Service of Museums & How They Attract Audiences

November 16th, 2015

Categories: Craft Show, Marketing, Museums, Technology

Agave Pod Vase by Christine & Michael Adcock

Agave Pod Vase by Christine & Michael Adcock


Ellen Gamerman shared a glimpse of “The Museum of the Future” in a Wall Street Journal article reporting how technology is one of the ways these institutions plan to revolutionize and transform a visitors’ experience. A goal: Attracting audiences.

For starters she told how Metropolitan Museum visitors saw a Jackson Pollock picture through 3-D headsets; mentioned a “virtual-reality film that recreates ocean creatures from 500 million years ago,” at the London Natural History Museum; wrote about movies with “special effects in a 4D theater with piped-in gunpowder smells and seats that jiggle whenever cannons are fired,” at the imminent American Revolution Museum, Yorktown, Va. and more. Lots to look forward to.

Seascape necklace by Beth Farber

Seascape necklace by Beth Farber

There are also valuable, effective traditional ways museums introduce potential enthusiasts to their exhibitions. For the third year Brooklyn Museum is the venue for the American Fine Craft Show November 21-22 where 90 exhibitors, handpicked by my clients Joanna and Richard Rothbard, will exhibit and sell some of the best crafts designed and made in America. Tickets to the craft show include general admission to the museum, including “Coney Island: Visions of an American Dreamland, 1861-2008,” an exhibition that opens on the eve of the show.

Selecting to feature the work of only a few exhibitors from the riches of images I have is always difficult but what fun: Almost as good as shopping.


Mediterranean Decay Coral Necklace by Barbara Heinrich

Mediterranean Decay Coral Necklace by Barbara Heinrich

Whether gemstones, coral or polymer, jewel tones from nature will punctuate the display cases of many of the 19 jewelry designers.

Barbara Heinrich transformed perforated red-orange coral from the bottom of the ocean into necklace beads [photo above, left]. The Pittsford-NY jeweler added an 18kt gold egg-shaped bead that mimics the coral’s perforations and a toggle clasp.

Another necklace informed by the deep, but in brilliant turquoise, is Beth Farber’s “Seascape,” hand-woven with apatite, a boulder opal and gold [Photo above, right]. Farber, whose studio is in Minnetonka, Minn., says her work combines the ancient with the contemporary.
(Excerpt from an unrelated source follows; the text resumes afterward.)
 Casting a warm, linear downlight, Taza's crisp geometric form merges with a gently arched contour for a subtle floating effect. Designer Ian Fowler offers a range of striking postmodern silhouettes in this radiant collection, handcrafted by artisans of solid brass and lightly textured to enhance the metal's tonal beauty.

Adapting ancient bead weaving techniques, she hand-weaves fine gemstones, silver and gold with a contemporary sensibility and edge.
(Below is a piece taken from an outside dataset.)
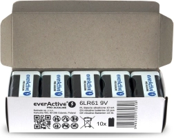 Bateriile alcaline 6LR61 (9 V) EVERACTIVE PRO ALKALINE sunt proiectate pentru fiabilitate maximă în condiții solicitante. Construcția ranforsată și etanșă minimizează riscul de scurgeri și asigură parametri stabili pe o perioadă îndelungată atât în depozitare, cât și în utilizare.

Bern and Trusk vests by Teresa Maria Widuchn

Bern and Trusk vests by Teresa Maria Widuchn

Fashion takes pride of place where 25 of 90 handpicked artisans will exhibit handmade coats, jackets, dresses and accessories in the museum’s regal Beaux-Arts Court. Standouts reflect Asian influences in style, fabric and/or construction as well as elegant design simplicity.
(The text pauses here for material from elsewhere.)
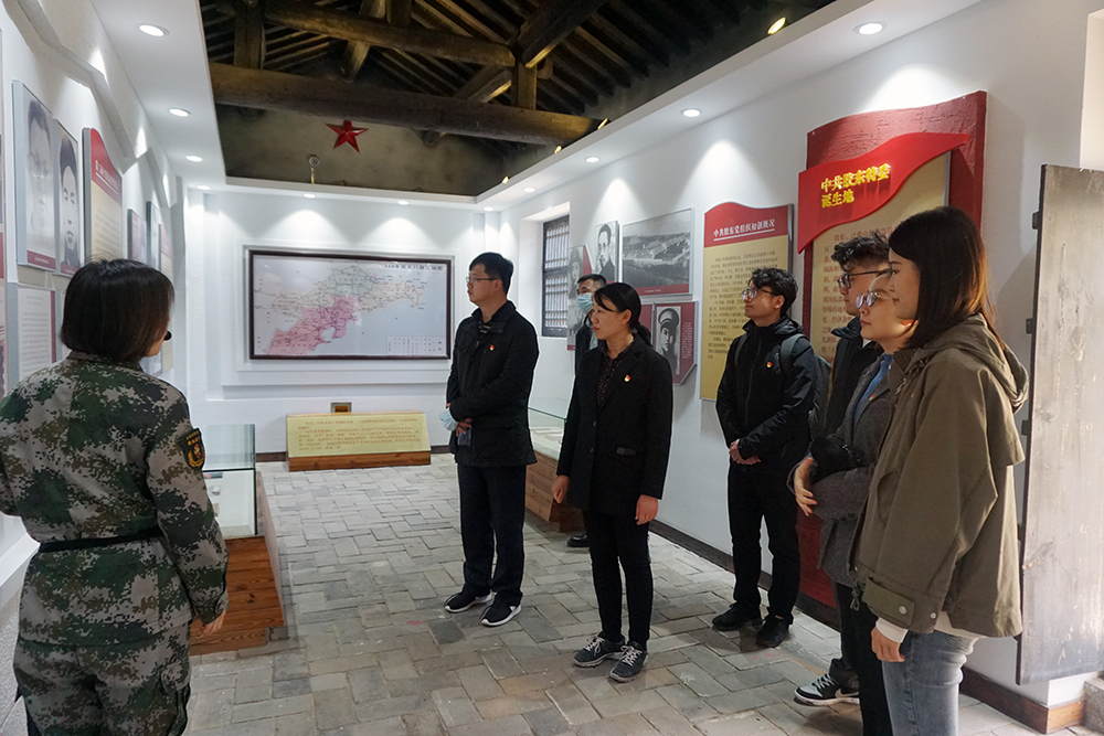 在昆崳山革命紀(jì)念館門(mén)前,全體黨員排列整齊,莊嚴(yán)肅立,在領(lǐng)誓人的帶領(lǐng)下,大家一起重溫了入黨誓詞。隨后,跟隨昆崳山紅色教育基地講解員,一同進(jìn)入紀(jì)念館參觀學(xué)習(xí)。透過(guò)陳列著革命老物件和珍貴照片,大家了解到中共膠東特委誕生,膠東人民革命武裝發(fā)祥,膠東人民兵工發(fā)源,昆崳山駐軍相關(guān)戰(zhàn)斗和建設(shè)的歷程,看到了以于得水為首一批共產(chǎn)黨人領(lǐng)導(dǎo)了的“一一?四”武裝暴動(dòng),開(kāi)啟了昆崳山游擊戰(zhàn),山東人民抗日救國(guó)、膠東革命武裝等革命斗爭(zhēng)。大家認(rèn)真聆聽(tīng)講解,無(wú)不為英雄們偉大的革命精神所感動(dòng)。

Spare simplicity in form and motif translates to classic elegance that Teresa Maria Widuch understates on her website as “an efficient use of materials with a clean line,” [Photo of Bern and Trusk vests, right]. In her Chicago studio she creates one-of-a-kind wool felt and Ultrasuede jackets, vests and coats at her Chicago studio. Jane Herzenberg, Northhampton, Mass., explores the relationship between painting, Shibori dyeing, Rozome and hand embellishment to create art to wear. [Photo right, below].

Barcelona jacket by Jane Herzenberg

Barcelona jacket by Jane Herzenberg

Both Shibori and Rozome [batik] are Japanese techniques.


Glass, ceramics, wood, leather and wool are transformed to one-of-a-kind decorative and/or functional pieces by artisans who describe their work as “improvised” and “intuitive.”

Ceramist Pat Warwick “has never been far from the sea.” [Today she lives by the sea in Warren, RI]. She wrote on her website that the drawings she made to illustrate and design materials for the Woods Hole Oceanographic Institute’s Marine Resource center “became the basis for her first installation- a school of fish for her own kitchen.”

Christine and Michael Adcock, Leaves of Grass Fiber-Clay Arts, Santa Barbara, Calif., are collaborative mixed media artists. [An example of their work is at top.] Christine is a basket maker and Michael a studio potter. Christine Adcock said that nature is the ultimate teacher and inspiration. “I delight in its every detail, from the beautiful markings on a tiny bug or moth to the majesty of mountain and meadow. My work is an effort to take tiny, beautiful, elements of nature – a seed pod we tread upon or a leaf of grass – and put them in a context where people take time to experience and enjoy their perfection.”  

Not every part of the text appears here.